(CNN) -- Crews in Taiwan have found body parts as the search unfolds for victims of rock slides unleashed by Typhoon Megi last week, official media said.
Four sets of body parts have been found, with DNA testing to be done, Taiwan's official Central News Agency said.
Nineteen tourists from southern China, a Chinese tour group leader and a Taiwanese bus driver went missing Thursday along the Suhua Highway, in northeast Taiwan. Sections of the scenic highway, which is perched along a cliff on the island's eastern coast, gave way.
Three dozen family members of the missing Chinese tourists arrived in Taiwan on Monday night. They were to visit the site of the rock slides on Tuesday, China's state media said.
Megi killed at least 13 people and injured nearly 100 others in Taiwan last week. It struck the Philippines earlier in the week, affecting an estimated 258,844 people and leaving thousands homeless.

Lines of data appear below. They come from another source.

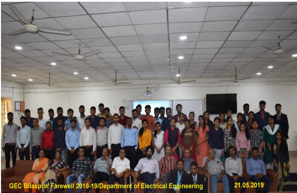
Farewell of 8th sem. Electrical Engg. Students
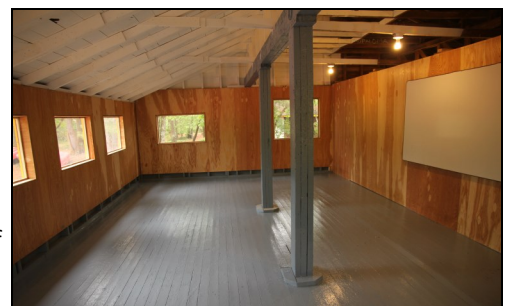
Renovations complete as a new Leadership Centre takes shape
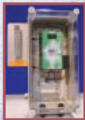
Iron Oxide, Photo-X VIS, Suited for general purpose areas.

Rouge, as generally defined, only refers to ferric oxide ( Fe_2O_3 ), but in reality may contain chromium, nickel, and non-oxide iron compounds, which may result in the broad range of colors observed in the pharmaceutical water. In general, rouge is more prevalent on mechanically polished stainless steel, but has also been observed on electropolished and passivated stainless steel.
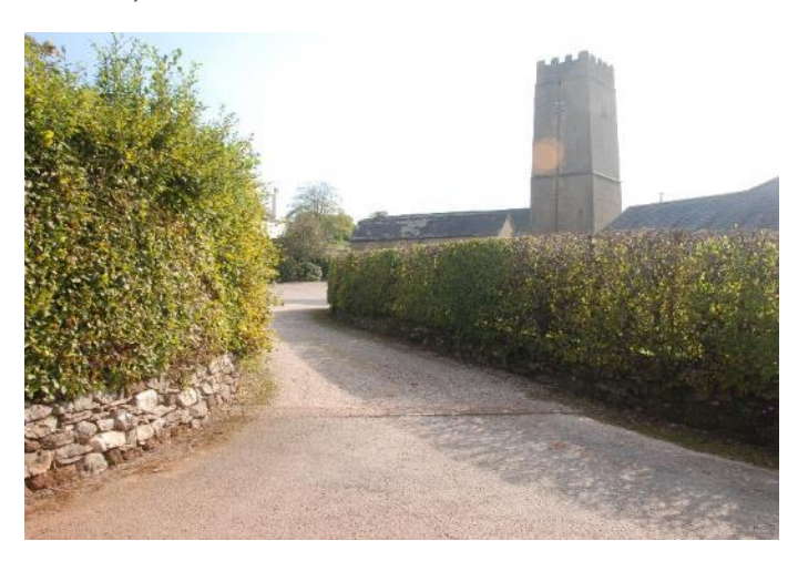
2 Saint Bartholomew's Church
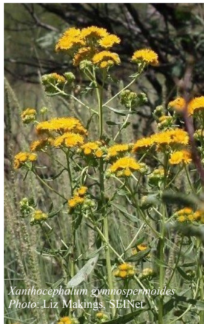
Xanthocephalum gymnospermoides

Xanthocephalum gymnospermoides (also known as Gummy Broomweed and Gummy Snakeweed), is a rich golden-flowered resinous annual of lowland, flat meadows, in moist soils at least during the monsoon. An annual to 3' tall or a bit more, it is showy, even spectacular, in its typically massive dense stands – a sea of gold appears at the end of summer in an otherwise quiet and uneventful landscape. The sticky resinous flowers, though not large, are densely grouped in heads at the tops of the plants. The name 'Matchweed' refers to dried stems apparently having been used in kindling fires as the resin makes them especially flammable. This show is visible now near the Brown Canyon Ranch, around Naco, and most likely in areas around the river.
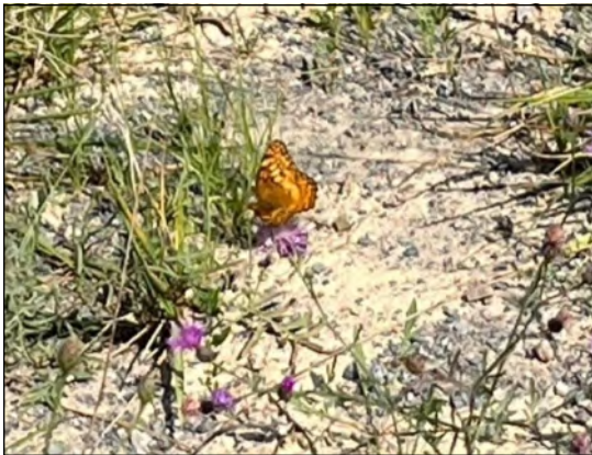
Great Spangled Fritillary

Typhoon Megi made landfall in China's southeastern province of Fujian on Saturday, affecting nearly 650,000 people and destroying 500 houses, China's Xinhua news agency said. About 270,000 people had evacuated.
Damage in Fujian from the strongest typhoon of the year was estimated at 1.59 billion yuan ($238 million).
No deaths or significant injuries were reported, thanks to rigorous typhoon precautions in Fujian, Guangdong and Zhejiang provinces, the state-run China Daily said.